初步分析:
CRS出问题了,重新配置CRS?重新配置CRS,然后重新配置节点?
从OCFS2文件系统入手:
rac1-> more /etc/ocfs2/cluster.conf
node:
ip_port = 7777
ip_address = 192.168.0.3
number = 0
name = rac1
cluster = ocfs2
node:
ip_port = 7777
ip_address = 192.168.0.4
number = 1
name = rac2
cluster = ocfs2
cluster:
node_count = 2
name = ocfs2
rac2-> more /etc/ocfs2/cluster.conf
node:
ip_port = 7777
ip_address = 192.168.0.3
number = 0
name = rac1
cluster = ocfs2
node:
ip_port = 7777
ip_address = 192.168.0.4
number = 1
name = rac2
cluster = ocfs2
cluster:
node_count = 2
name = ocfs2
两个节点没问题 !继续排查。。。。
检查心跳:
[root@rac1 ~]# /etc/init.d/o2cb status
Module "configfs": Loaded
Filesystem "configfs": Mounted
Module "ocfs2_nodemanager": Loaded
Module "ocfs2_dlm": Loaded
Module "ocfs2_dlmfs": Loaded
Filesystem "ocfs2_dlmfs": Mounted
Checking O2CB cluster ocfs2: Online
Heartbeat dead threshold: 61
Network idle timeout: 10000
Network keepalive delay: 5000
Network reconnect delay: 2000
Checking O2CB heartbeat: Active
心跳也没问题 !第2个节点同上!
使用命令对两个节点进行文件挂载:
mount -t ocfs2 -o datavolume,nointr /dev/sdb1 /ocfs
重新检查CRS
rac1-> /u01/oracle/product/10.2.0/crs_1/bin/cluvfy stage -post crsinst -n rac1,rac2
Performing post-checks for cluster services setup
Checking node reachability...
Node reachability check passed from node "rac1".

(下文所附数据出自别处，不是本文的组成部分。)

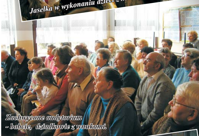
Zachwycone audytorium - babcie, dziadkowie z wnucami.

Checking user equivalence...
User equivalence check passed for user "oracle".
Checking Cluster manager integrity...
Checking CSS daemon...
Daemon status check passed for "CSS daemon".
Cluster manager integrity check passed.
Checking cluster integrity...
Cluster integrity check passed
Checking OCR integrity...
Checking the absence of a non-clustered configuration...
All nodes free of non-clustered, local-only configurations.
Uniqueness check for OCR device passed.
Checking the version of OCR...
OCR of correct Version "2" exists.
Checking data integrity of OCR...
Data integrity check for OCR passed.
OCR integrity check passed.
Checking CRS integrity...
Checking daemon liveness...
Liveness check passed for "CRS daemon".
Checking daemon liveness...
Liveness check passed for "CSS daemon".
Checking daemon liveness...
Liveness check passed for "EVM daemon".
Checking CRS health...
CRS health check passed.
CRS integrity check passed.
Checking node application existence...
Checking existence of VIP node application (required)
Check passed.
Checking existence of ONS node application (optional)
Check passed.
Checking existence of GSD node application (optional)
Check passed.
Post-check for cluster services setup was successful.
说明CRS运行正常了!
重新检查状态:
rac1-> crs_stat -t
Name Type Target State Host
------------------------------------------------------------
ora.dbvdb.db application ONLINE UNKNOWN rac1
ora....b1.inst application ONLINE OFFLINE
ora....b2.inst application ONLINE OFFLINE
ora....SM1.asm application ONLINE UNKNOWN rac1
ora....C1.lsnr application ONLINE UNKNOWN rac1
ora.rac1.gsd application ONLINE UNKNOWN rac1
ora.rac1.ons application ONLINE UNKNOWN rac1
ora.rac1.vip application ONLINE ONLINE rac1
ora....SM2.asm application ONLINE UNKNOWN rac2
ora....C2.lsnr application ONLINE UNKNOWN rac2
ora.rac2.gsd application ONLINE UNKNOWN rac2
ora.rac2.ons application ONLINE UNKNOWN rac2
ora.rac2.vip application ONLINE ONLINE rac2
和起初的状态好像不太一样了。。。。。
对节点服务进行检查:
rac1-> srvctl status nodeapps -n rac1
VIP is running on node: rac1
GSD is not running on node: rac1
Listener is not running on node: rac1
ONS daemon is not running on node: rac1
服务依旧没有启动。难道ASM出现问题?下步考虑解决GSD服务启动问题。。。。
rac1-> srvctl start asm -n rac1
PRKS-1009 : Failed to start ASM instance "+ASM1" on node "rac1", [PRKS-1009 : Failed to start ASM instance "+ASM1" on node "rac1", [CRS-1028: Dependency analysis failed because of:
CRS-0223: Resource 'ora.rac1.ASM1.asm' has placement error.]]
[PRKS-1009 : Failed to start ASM instance "+ASM1" on node "rac1", [CRS-1028: Dependency analysis failed because of:
CRS-0223: Resource 'ora.rac1.ASM1.asm' has placement error.]]
ASM手工启动不了啊?看来是ASM的问题,